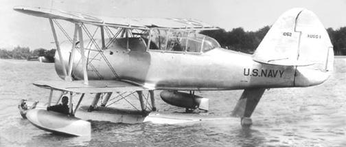 Stearman XOSS-1 floatplane.
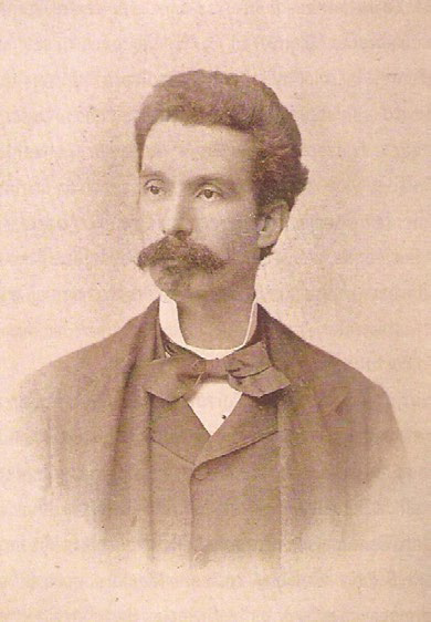 Joaquim de Vasconcelos (1849-1936), Portuguese historian and art critic, in an 1894 photograph
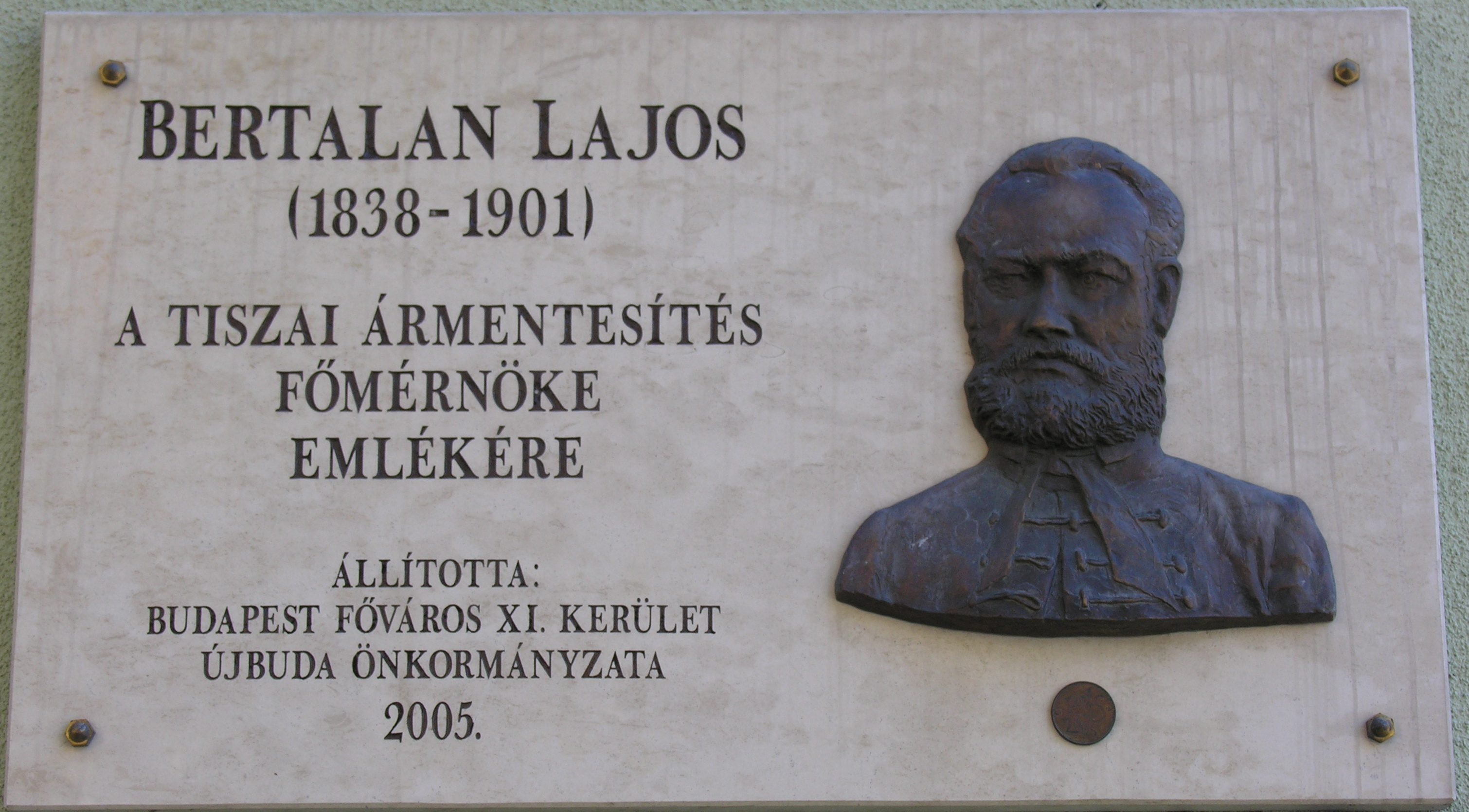 Commemorative plaque of Lajos Bertalan, Budapest District XI, Bertalan Lajos Street No 28
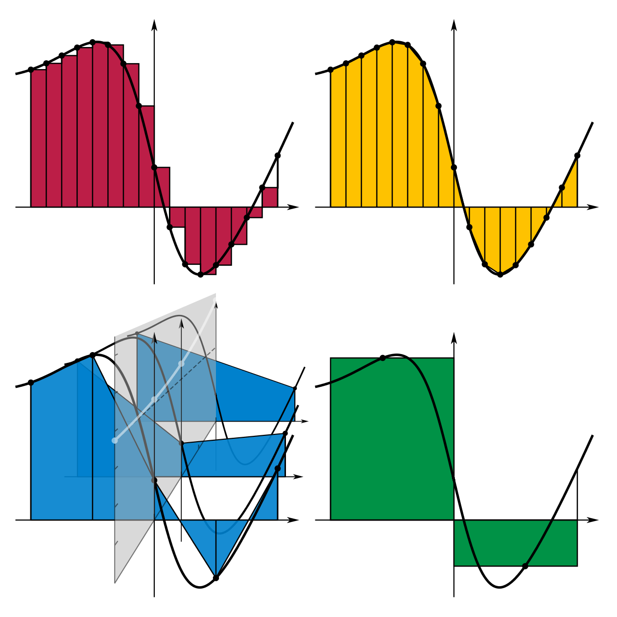 Plot of function with rectangle, trapezoid, Romberg, and Gauss quadrature
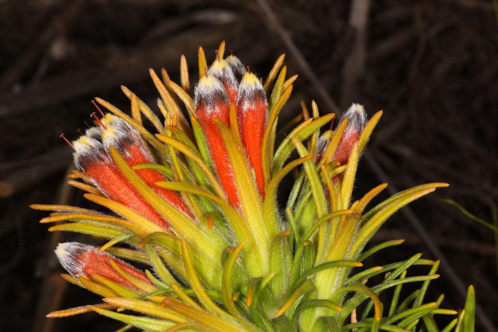 Retzia capensis (heuningblom) - the only member of the family Retziaceae.
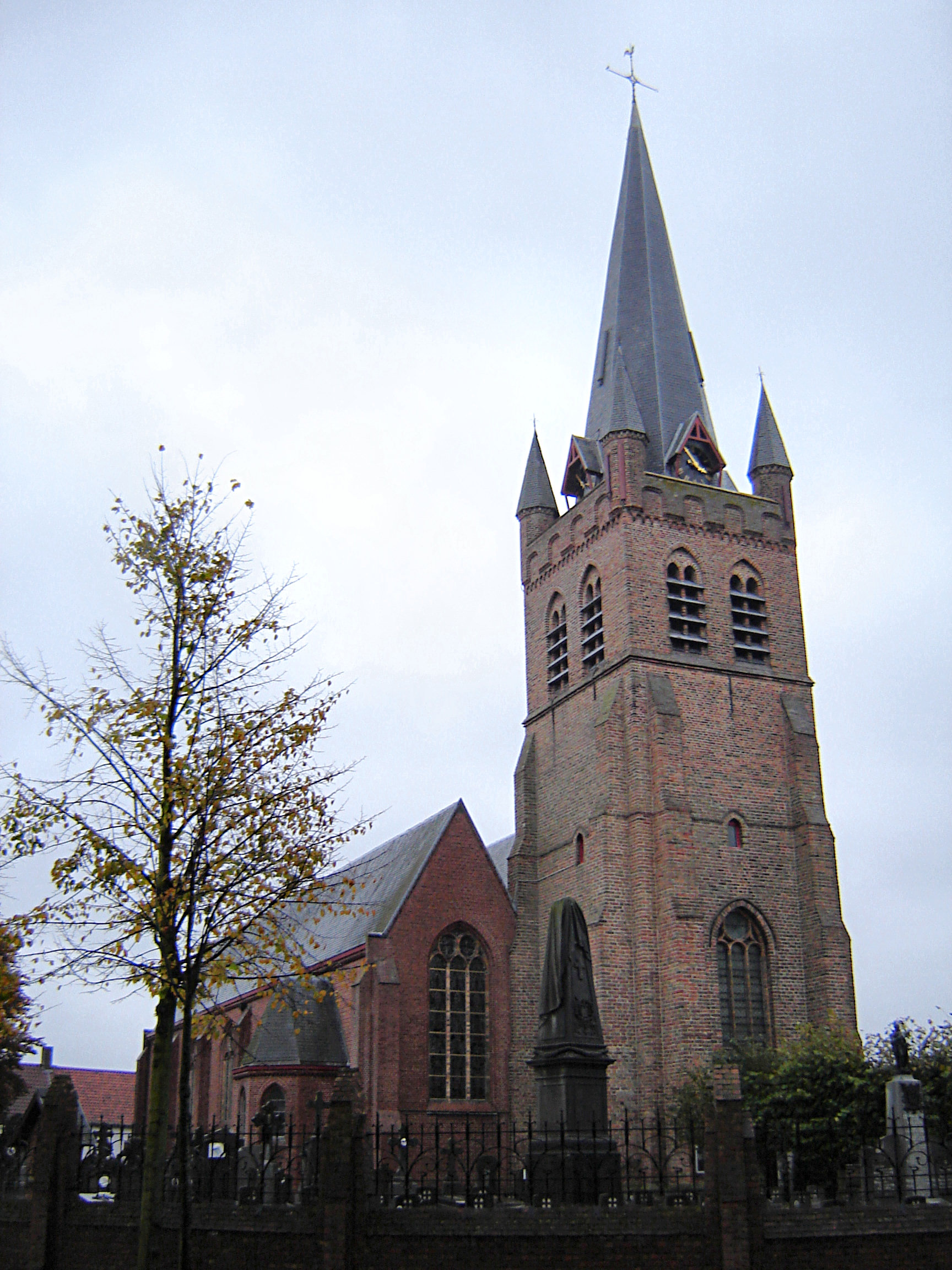 Church of Saint Maurice in Varsenare. Varsenare, Jabbeke, West Flanders, Belgium
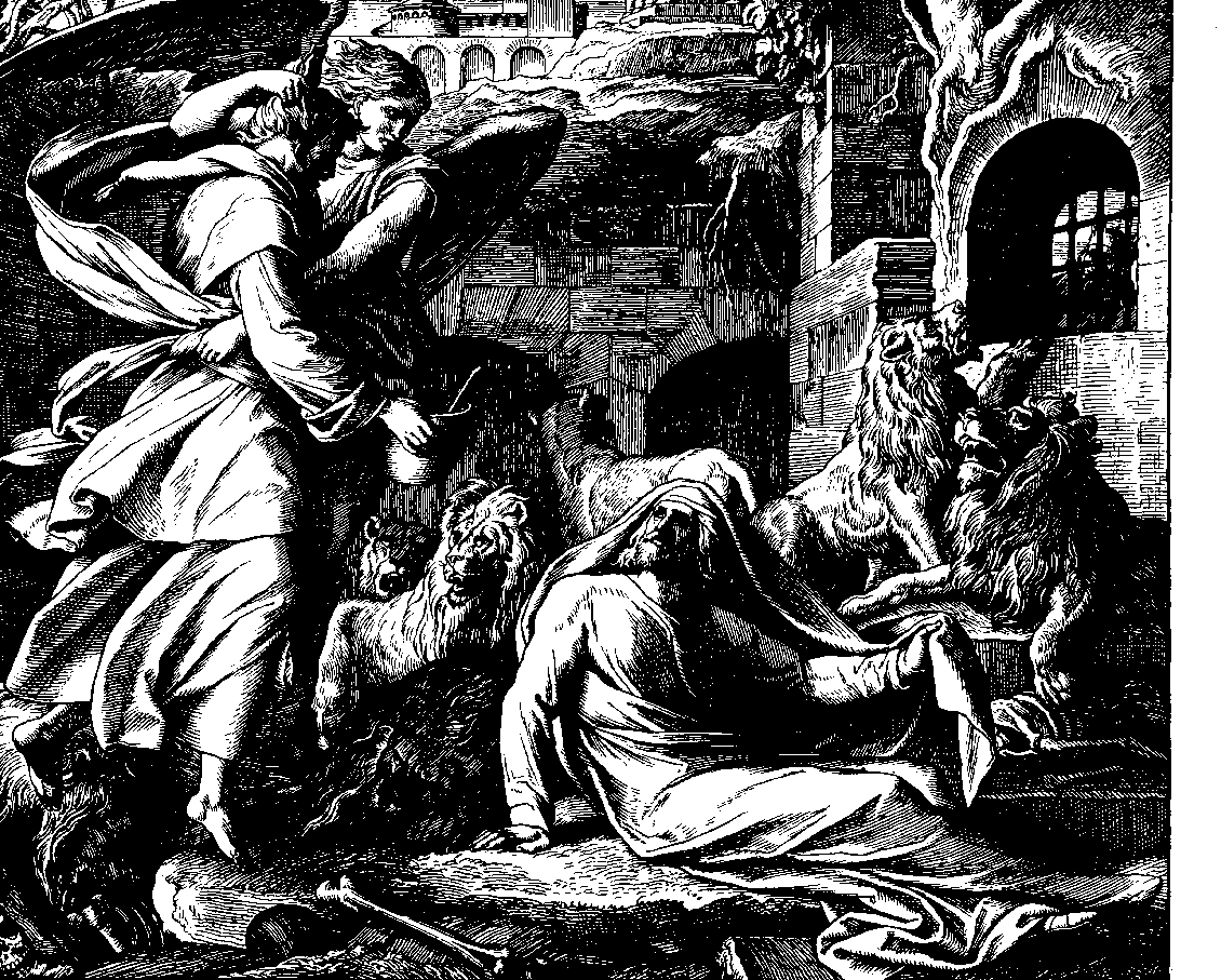 Woodcut for "Die Bibel in Bildern", 1860.
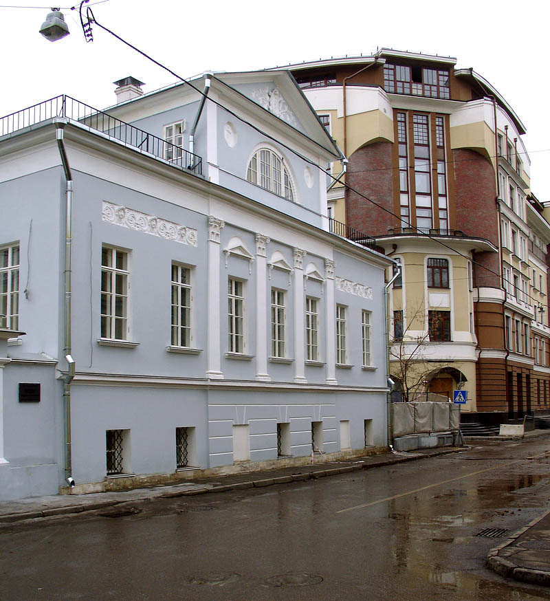 14, First Kadashevsky Lane
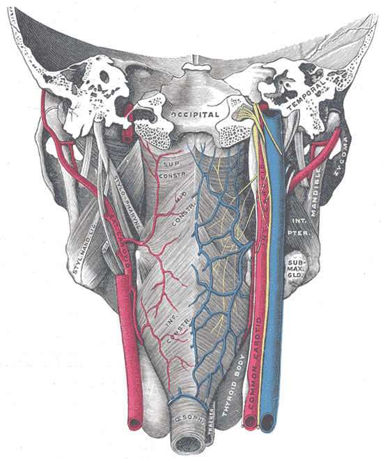 Muscles of the pharynx, viewed from behind, together with the associated vessels and nerves. (Modified after Testut.)
* * *
# TASK INSTRUCTIONS
Skip the pictures and write out exactly the lines from the line containing "Church of Saint" through the end of the listing above.

# EXERCISE RESPONSE
 Church of Saint Maurice in Varsenare. Varsenare, Jabbeke, West Flanders, Belgium
 Woodcut for "Die Bibel in Bildern", 1860.
 14, First Kadashevsky Lane
 Muscles of the pharynx, viewed from behind, together with the associated vessels and nerves. (Modified after Testut.)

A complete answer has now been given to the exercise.